Sowohl http befehler standen drin (Nämlich z.b. get) aber auch die rtsp befehle (nämlich play mit vielen parametern dazu) standen drin... 

Hatte schon überlegt den apache mina webserver zu nehmen und zu modifizieren, sollte ja teechnisch möglich sein... Problem is dann noch die Datenübertragung... ich hab ehrlich gesagt keinen Plan was dann geschickt werden muss... Einfach die Datei selber ? Oder erstmal in irgendein Format bringen und dann schicken ? Würde mich damit gerne tiefer beschäftigen, aber es gibt einfach keien Literatur über JMC (Offiziell noch garnicht released...)

Es gibt das zwar für JMF, aber ich habe ebenfalls keine Ahnung, ob das bei JMC genauso funktioniert...

Es wurde in deinem andere Thread zu VLC Bindings geraten... Halte ich auch für eine Lösung, aber meines Wissens steht das Projekt still... Und es steht komplett unter GPL... Wäre für mich persönlich schon nichts, da man ein Programm (Bei dem die Lizenzen noch nicht klar sind) dann nicht auf etwas bauen sollte, was hinterher dann nur GPL als Endlizenz zulässtt..

Gruß Chris


----------



## algorismi (25. Nov 2009)

Ja stimmt, VLC Bindings steht still, leider.

Habe aber noch eine andere alternative gefunden, videos unter java darszustellen und auch per rtsp stream zu empfangen.
Diese alternative ist zwar nicht open-source (aber für nicht kommerzielle verwendung kostenlos).
es ist eine directShow wrapper library für java, diese heißt: dsj

hier der Link: DirectShow Java Wrapper: humatic - dsj


----------



## tuxedo (27. Nov 2009)

DSJ hab ich auch schon benutzt.

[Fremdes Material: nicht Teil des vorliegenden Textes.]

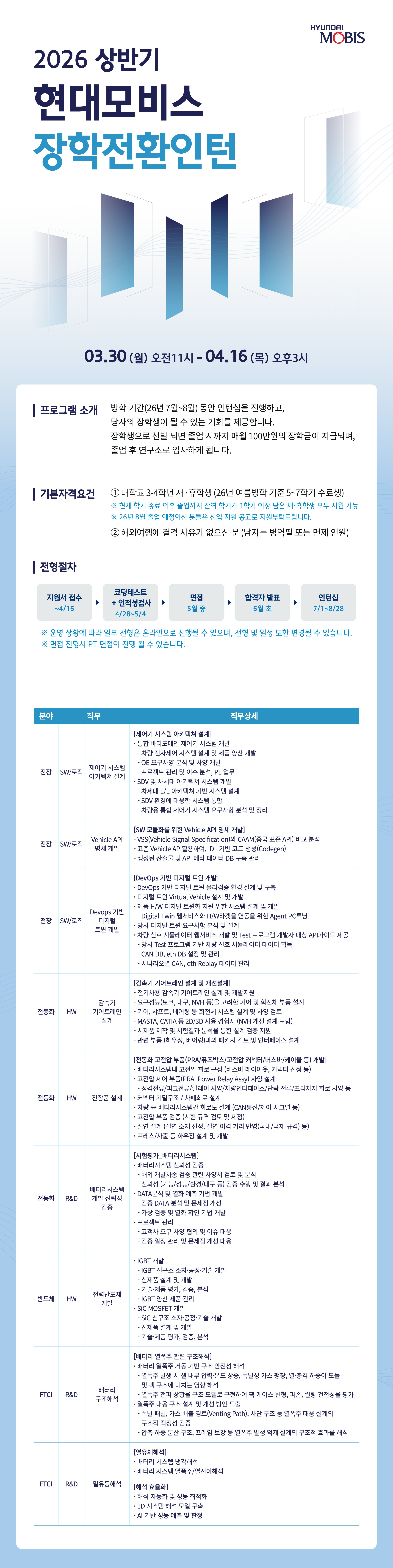 현대모비스에서 26년 상반기 장학전환인턴을 선발하고 있습니다. 현대모비스와 함께 모빌리티의 미래를 두 손으로 직접 열어갈 여러분의 많은 관심과 지원 바랍니다. ■ 프로그램 소개 방학 기간 (26년 7월~8월) 동안 인턴십을 진행하고, 당사의 장학생이 될 수 있는 기회를 제공합니다. 장학생으로 선발 되면 졸업 시까지 매월 100만원의 장학금이 지급되며, 졸업 후 연구소로 입사하게 됩니다. ■ 기본 자격 요건 ① 대학교 3-4학년 재·휴학생 (26년 여름방학 기준 5~7학기 수료생) ※ 현재 학기 종료 이후 졸업까지 잔여 학기가 1학기 이상 남은 재·휴학생 모두 지원 가능 ※ 26년 8월 졸업 예정이신 분들은 신입 지원 공고로 지원부탁드립니다. ② 해외여행에 결격 사유가 없으신 분 (남자는 병역필 또는 면제 인원) ■ 모집일정 3월 30일(월) ~ 4월 16일(목) 오후 3시

Ist aber nur auf Windows ausgelegt. 

Alternativ kann man den Windows Media Player, bzw. dessen ActiveX Control via SWT-OleClientSite in Java Code einbinden und steuern (oder eben auch jedes andere ActiveX Control, z.B. das von VLC).

Bin sogar noch einen Schritt weiter gegangen und hab nen eigenen DirectShow Wrapper als ActiveX Control gebaut, welches dann alles rendern kann was die in Windows registrierten Filter (FFDShow etc.) hergeben  Darf den Wrapper allerdings nicht verteilen. Da hat mein Arbeitgeber was dagegen :-(

- Alex


----------



## algorismi (27. Nov 2009)

tuxedo hat gesagt.:


> DSJ hab ich auch schon benutzt. Ist aber nur auf Windows ausgelegt.



Ich habe mir nun eine Kleine Applikation mit DSJ geschrieben, die Video über RTSP emfangen und abspielen soll.

Wenn ich als Pfad sowas habe: rtsp://192.168.56.1/test.mpg dann wird das video ohne probleme abgespielt.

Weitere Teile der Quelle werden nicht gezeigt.